放送が遅れていることは必ずしもネガティブな情報ではありません。むしろ「1期と同等以上のクオリティで届けるための準備期間」だと捉えるほうが自然です。焦りを感じる気持ちはわかりますが、待った分だけ良いものが届く可能性が高いです。
| 項目 | 1期(参考) | 2期(現状) |
|---|---|---|
| 制作発表 | 2022年8月 | 2024年6月 |
| 放送開始 | 2024年1月 | 未定 |
| 制作会社 | TRIGGER | TRIGGER(継続) |
| 制作から放送まで | 約17ヶ月 | 2026年中なら約24〜30ヶ月 |
2期の放送日がまだ発表されていない今だからこそ、待ち時間を有効に使う方法があります。まず真っ先におすすめしたいのが、1期の見直しです。
1期全24話は現在、Netflixをはじめ、Hulu、Amazon Prime Video、dアニメストアなどで配信中です。特にNetflixでは全世界に向けて10カ国語以上の翻訳版が用意されており、日本語字幕・吹き替えはもちろん、英語版も視聴可能です。2期を最大限に楽しむためには、1期のストーリーをしっかり頭に入れておくことが大切です。

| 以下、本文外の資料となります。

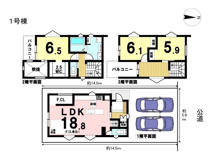 3LDKの間取り、駐車は2台可能な3階建てのお家です。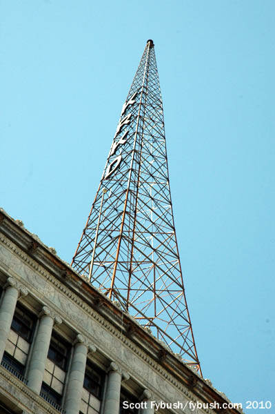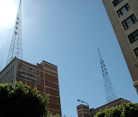 Amazingly, KRKD only operated from the twin towers atop the Spring Arcade Building for a few years. By the mid-1930s, Hilliker notes that KRKD had relocated its transmitter to the Angelus Temple in Echo Park, where it was able to boost power from 500 watts to 2500 watts, on the way to a 5000-watt power level from Montecito Heights in 1948. But the short-lived Spring Arcade towers stayed in place after KRKD left, and they”ve been there ever since, proudly proclaiming a callsign that hasn”t been heard in Los Angeles since the early 1970s.

次におすすめなのが、原作漫画の8巻以降を読むことです。先述のとおり、2期の内容は原作8巻53話から始まります。原作は全14巻で完結しており、残り6巻分(53話〜最終話)が2期の範囲になります。先にネタバレを知りたくない方は1〜8巻の復習にとどめ、知りたい方は一気に最終話まで読むのもありです。原作では後半にかけてストーリーが大きく動き、「飯テロ×ダンジョン探索×群像劇」という作品の魅力が最高潮に達します。
また、シリーズ累計1,400万部(デジタル版含む)を超えた本作は、公式から多彩なグッズや関連書籍も展開されています。「ダンジョン飯ワールドガイド 冒険者バイブル」などの公式副読本は、世界観・モンスター・料理の設定が細かく解説されており、2期の内容をより深く楽しむための予習としておすすめです。
1期を振り返ってみると、第1クールのOP「Sleep Walking Orchestra」(BUMP OF CHICKEN)、第2クールのOP「運命」(sumika)、そして各クールのED「Party!!」(緑黄色社会)・「キラキラの灰」(リーガルリリー)と、人気アーティストによる豪華な楽曲陣も本作の魅力のひとつでした。2期でどんな楽曲が起用されるのかも、今から楽しみなポイントのひとつです。